_DIRECTIONS_
In the entries that follow, find the line containing "Wie man im Eisenbahzug" and the line containing "学校の教材に適したプラスチッ", then retype exactly the lines from the first through the second, pictures excluded.

_GIVEN ENTRIES_
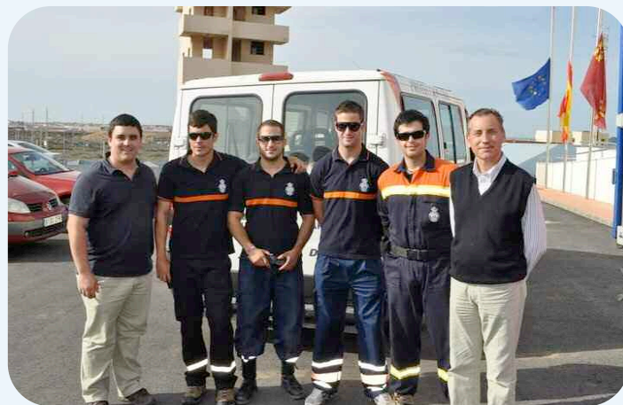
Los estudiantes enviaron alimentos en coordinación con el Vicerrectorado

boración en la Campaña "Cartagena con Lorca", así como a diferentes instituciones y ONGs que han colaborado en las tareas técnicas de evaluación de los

==

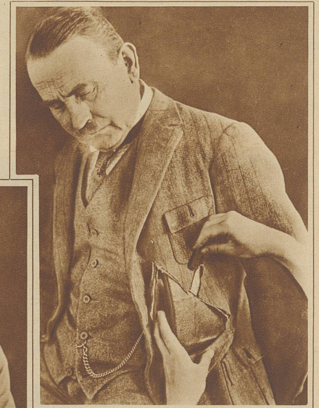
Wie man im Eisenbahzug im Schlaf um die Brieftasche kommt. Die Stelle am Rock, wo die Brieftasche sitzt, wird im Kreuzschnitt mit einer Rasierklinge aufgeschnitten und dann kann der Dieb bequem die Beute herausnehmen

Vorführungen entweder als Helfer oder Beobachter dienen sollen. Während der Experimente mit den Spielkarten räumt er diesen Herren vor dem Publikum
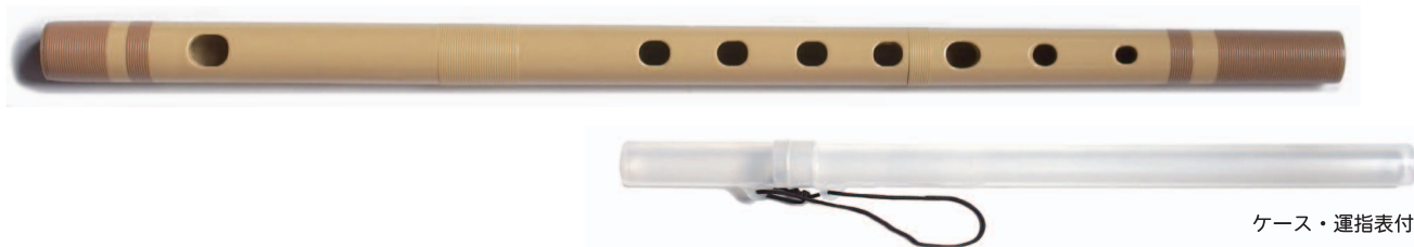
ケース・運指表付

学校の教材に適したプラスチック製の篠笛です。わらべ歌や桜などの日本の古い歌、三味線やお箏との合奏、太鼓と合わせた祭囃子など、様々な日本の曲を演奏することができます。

_RESULT OF THE TASK_
Wie man im Eisenbahzug im Schlaf um die Brieftasche kommt. Die Stelle am Rock, wo die Brieftasche sitzt, wird im Kreuzschnitt mit einer Rasierklinge aufgeschnitten und dann kann der Dieb bequem die Beute herausnehmen

Vorführungen entweder als Helfer oder Beobachter dienen sollen. Während der Experimente mit den Spielkarten räumt er diesen Herren vor dem Publikum
ケース・運指表付

学校の教材に適したプラスチック製の篠笛です。わらべ歌や桜などの日本の古い歌、三味線やお箏との合奏、太鼓と合わせた祭囃子など、様々な日本の曲を演奏することができます。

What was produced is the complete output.